Southern hemisphere rugby’s push for a global calendar has been batted away by European clubs, drawing a sharp rebuke from the New Zealand boss.
NZ Rugby chief executive Mark Robinson criticised the unwillingness for change from English and French club bosses which has once again put the long-held goal of aligning the hemispheres on hold.
An international forum ended in stalemate after representatives of the cash-rich clubs said they wouldn’t agree to shifting the July Test window in the south to October.
Such a move would open up an improved Super Rugby model and allow New Zealand and Australia to run other domestic competitions without impediment.
It would set up Test fixtures in October and November, creating the possibility of a sponsor-friendly global tournament.
Robinson said the clubs’ stance was lamentable given the coronavirus pandemic had created a “once in 100 year opportunity” to reshape a calendar that had inherent shortcomings.
“We’d have hoped that they might come to the table with a little more compromise,” Robinson told reporters.
“There’s great alignment between World Rugby, the national unions and the players, to want to work towards something new and fresh.
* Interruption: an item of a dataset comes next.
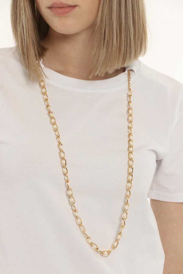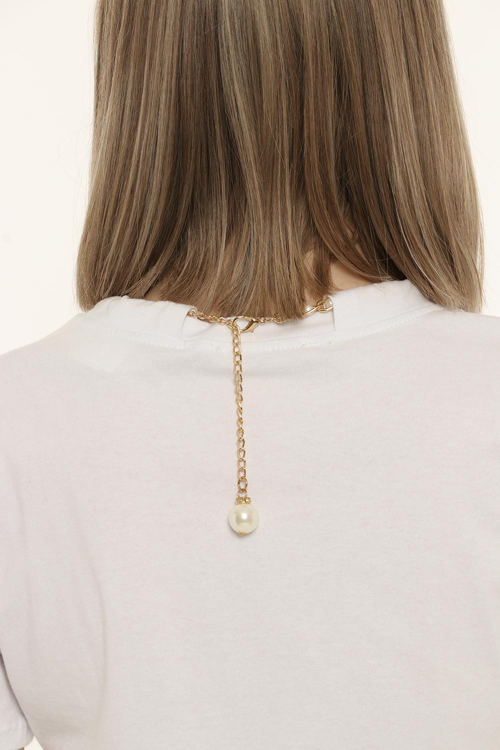T-shirt in total bianco con collana dorata inserita nel girocollo classico. La vestibilità è morbida e regolare. La t-shirt è adatta per occasioni casual. Aggiungila al tuo guardaroba se vuoi un outfit che spicchi.

It makes sense comercially and for players and fans.”
The club opposition wasn’t unexpected, with reports leading up to the forum suggesting owners were worried their broadcast deals would be downsized.
They reportedly baulked at considering major concessions such starting club seasons in December or even March, making professional rugby a summer affair in the north.
Robinson said the best hope to get movement from club owners would now be through direct negotiations with the respective English and French national unions.
He noted the season for top club players in the north would typically comprise 42 weeks, something he said should prompt change.
“To talk about player welfare and talk about a season like that, to me, is a bit counter-intuitive.
“We just have to trust they have very good people at those national organisations that will keep working in the greater interest of the game.”